Kepada Nyonya Abendanon-lah Kartini menumpahkan semua pemikiran, cita-cita, juga isi hatinya (termasuk penderitaannya) lewat ratusan lembar surat yang ditulis dengan tangannya sendiri.Saking sayangnya, Kartini kerap menyapa Rosa dengan sebutan “Ibuku Tercinta” atau “Kekasihku Tersayang.”
Setidaknya ada sekitar 150 surat yang dikirim Kartini dan kedua adiknya kepada Rosa. Dari jumlah tersebut, Kartini menulis sekitar 95 surat.
Tata bahasa Belandanya yang bagus membuat beberapa pihak setempat meragukan bahwa surat-surat tersebut bukan ditulis oleh Kartini sendiri.
Namun, seiring perjalanan waktu dan berbagai investigasi, terbukti bahwa surat-surat terssebut memang ditulis oleh Kartini.
“Seperti juga The Diary of Anne Frank, surat-surat Kartini ditulis layaknya kepada seorang sahabat yang sangat dihormatinya. Isinya lebih tepat disebut curahan hati, terkadang riang, di saat lain sangat emosional. Kadang-kadang ia menceritakan kejadian sehari-hari, tetapi tak jarang meletup buah pikiran dan cita-citanya yang terhitung sangat progresif untuk zamannya,” sebagaimana ditulis dalam buku RA Kartini Biografi Singkat 1879-1904 oleh Imron Rosyadi.

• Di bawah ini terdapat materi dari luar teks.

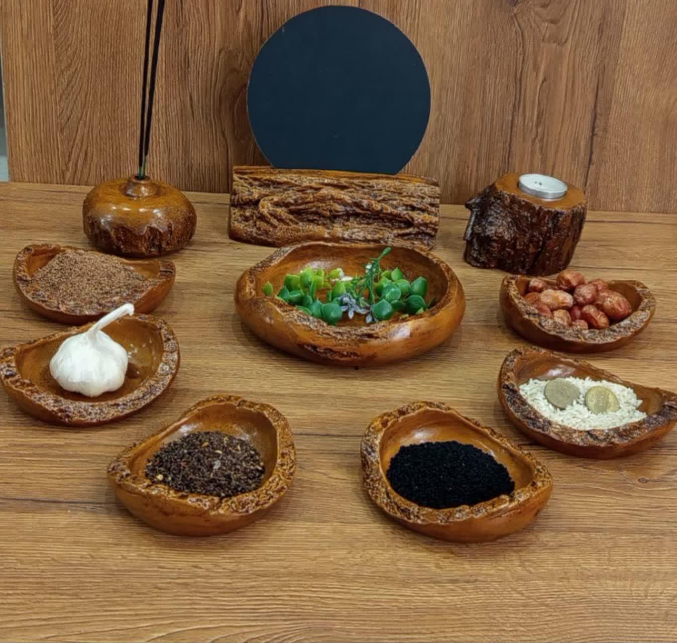 تعداد۶ کاسه کوچک ،یک کاسه بزرگ ،استند آینه، گلدان ،جاوارمری

Gaya penulisan Kartini juga sistematis dan sangat mengalir dalam bahasa Belanda, sehingga enak dibaca, layaknya karya penulis profesional.
Memahami Kartini tentunya kita jangan membayangkan konteks zaman sekarang, dengan berbagai gadget canggih, yang bisa menghubungkan kita dengan setiap sudut dunia.
Saat Kartini menulis surat-suratnya, ia hanyalah seorang gadis Jawa berusia 21 tahun di sebuah kota kecil di pesisir Jawa.